Filipe Gonçalves: Lately it's been Thena on BNB Chain. I specifically like the execution of the team. I think they did a great job gaining traction on BNB Chain without necessarily being a BNB Chain OG. They came from another chain and tried to impose themselves on that market. I think they have done quite a notable job in terms of go-to-market and how they've been collaborating with partners — not necessary the DEX, because it's already been forked on other chains, but the execution. In terms of product, helio.money has an interesting concept of accepting BNB as collateral, running a strategy in the background and then redistributing that yield to the stablecoin's stakers. I think that's a very interesting way to capture the staking rewards of Layer 1s and enable them for stablecoins. I think it's an interesting model that can evolve in a very interesting way.
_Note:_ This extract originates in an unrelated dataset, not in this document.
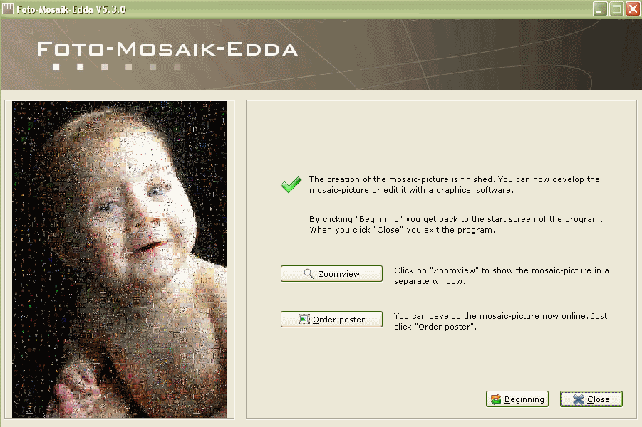 Foto-Mosaik-Edda completely automates this complicated process of making pictures. Essentially, only thing that you have to do is to supply the pictures, and Foto-Mosaik-Edda takes care of the rest.

U.Today: Do you have a crypto portfolio?

Filipe Gonçalves: Yeah, I have two. I mostly have Bitcoin and tokens of Layer 1s and obviously a yield farm.

U.Today: Can you name 3-5 of them?

Filipe Gonçalves: Sure. I'm obviously overweight on Bitcoin, which I use as collateral to then borrow tokens that I don't already have, like Ethereum, MATIC, BNB, FTM and Avalanche. I might borrow them against BNB as well. Then I just basically do liquid staking with it. I also pair them up together. If I see that there is interesting APY on ankrBNB, ankrETH on Thena, I might deposit liquidity, and I try to be more diligent in terms of yield. I extract the yield I converted into stablecoins and then I put it in my second portfolio, which is only composed of stablecoins. I try to really be diligent about extracting yield from stablecoins and also from volatile tokens.

U.Today: One last question: What will the Bitcoin price be one year from now, in your opinion? Just a guess.

Filipe Gonçalves: Honestly, nobody really has a clue about projections, but I think a level where I would feel satisfied about the evolution would be if we can reach 40K by the end of the year. It seems like a possibility that is not completely unfeasible. I think that would be a very nice evolution after the last year where we basically dropped from 40K 12 months ago. If we can get back up to that level, I think that would be pretty good.

U.Today: I agree. Thank you so much for your time.